Well one idea in Taiwan is to make briquettes from rice straw, burn it and then return the ash to the soil, since they burn it anyway in the fields. Maybe farmers could use this in wood burning type stoves to heat their homes in Winter.
Personally, I think this is solving a problem that doesn't exist. If people designed and built their houses properly here, they would need very little in the way of climate control. Yet they insist on building them to a temperate-climate design, out of unsuitable materials, and then when they find the building has pisspoor thermal performance, they throw energy at the problem with heating systems and A/C. Whether that energy comes from the grid or biofuels is immaterial - it's still energy that could have been used for something more productive, or not used at all. And again, if you must have climate control, the most efficient solution is solar-heated hot water.
As for the rice straw: they burn it because rice straw carries disease, but that wouldn't be a problem if they practiced proper crop rotation and/or polyculture. They could then leave the straw on the fields, where it belongs. Technically it would work, though. Rough guess: 1tonne/ha. dry weight containing 20MJ/kg = 20,000MJ = 5600kWh/ha. If you consume 20kWh/day in your boiler for 3 months (1800kWh) then you'd need about ~0.3ha. to heat your home. 0.3ha. would be considered a large field here, but not outrageously so.
Ideally, I suggest biofuels should be shaved from some perennial crop; otherwise, you've left a big patch of bare dirt that's going to erode very fast.
I once heard that high rise living was the most eco-friendly way of living in terms of energy/water use. Seem plausible to me.
I completely disagree, from a systems design point of view. We had a good discussion about that elsewhere.
I also want to add water consumption and reduction to this thread. I'm constantly horrified how much water is wasted. We really could put waste water to much better uses.
Yeah, that's true, but people tend to think in terms of domestic waste, which is a drop in the ocean (haha) compared to what gets used by agriculture and industry. It's quite a subtle issue. Waste is only truly "waste" if the water is polluted in some way, for example by detergents or agricultural chemicals. There's nothing wrong with taking a 200-litre shower and dumping the water back into the river. It just re-enters the water cycle and all is well. The problem is that you've also dumped 200x4.2x25'C = 21MJ = 6kWh of energy down the drain too (assuming it was a hot shower), and the detergents you've used will have some adverse affect on the river ecosystem, especially if you're one of a million other people doing the same thing. What unregulated industry does is a hundred times worse. Fertilizer and pesticide runoff also causes major ecosystem disruption.

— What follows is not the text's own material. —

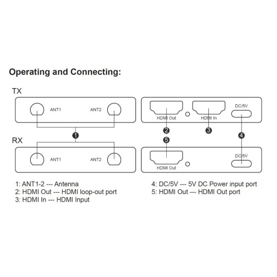 - Bezdrátový vysílač a přijímač signálu HDMI umožňuje připojit HDMI monitor nebo promítačku na vzdálenost až 200m na otevřeném prostranství.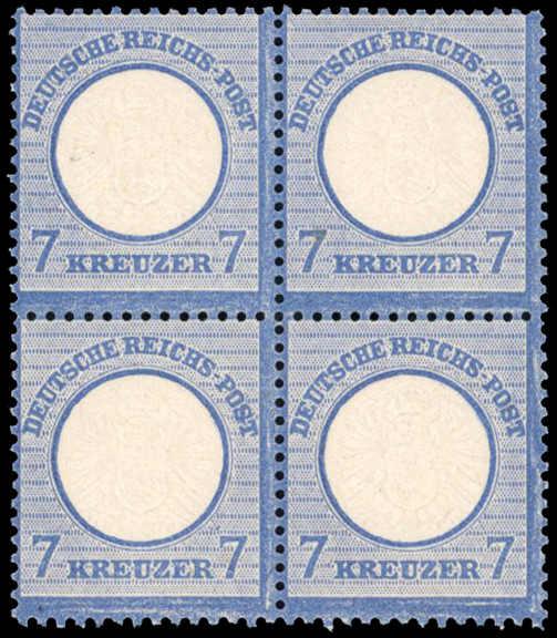 1872, 7 Kr. ultramarin großer Brustschild im postfrischen Viererblock, gute Qualität, keine Signaturen (Image)

One particular "waste" of water that irritates me is the management of urban runoff. A lot of city infrastructure is devoted to catching, channelling and "disposing of" rainwater. A properly-designed city should (a) contain mostly green spaces that will naturally use this water to produce something useful (biofuel, food, whatever), with minimal costs or human management; and (b) collect, store, and locally filter water from rooftops for domestic use. To collect water in reservoirs and then build a cats-cradle of pipes to distribute it (and a parallel network to throw away water that falls out of the sky!) is utterly ridiculous. I have no idea who came up with such a stupid design, but we ought to have an annual celebration like Guy Fawkes' where he's drowned in effigy.
Anyway, like you said, these things are all interrelated. You can't just talk about CO2, or energy, or water use, or environmental pollution; they're inseparable. That's what makes this stuff such an interesting topic!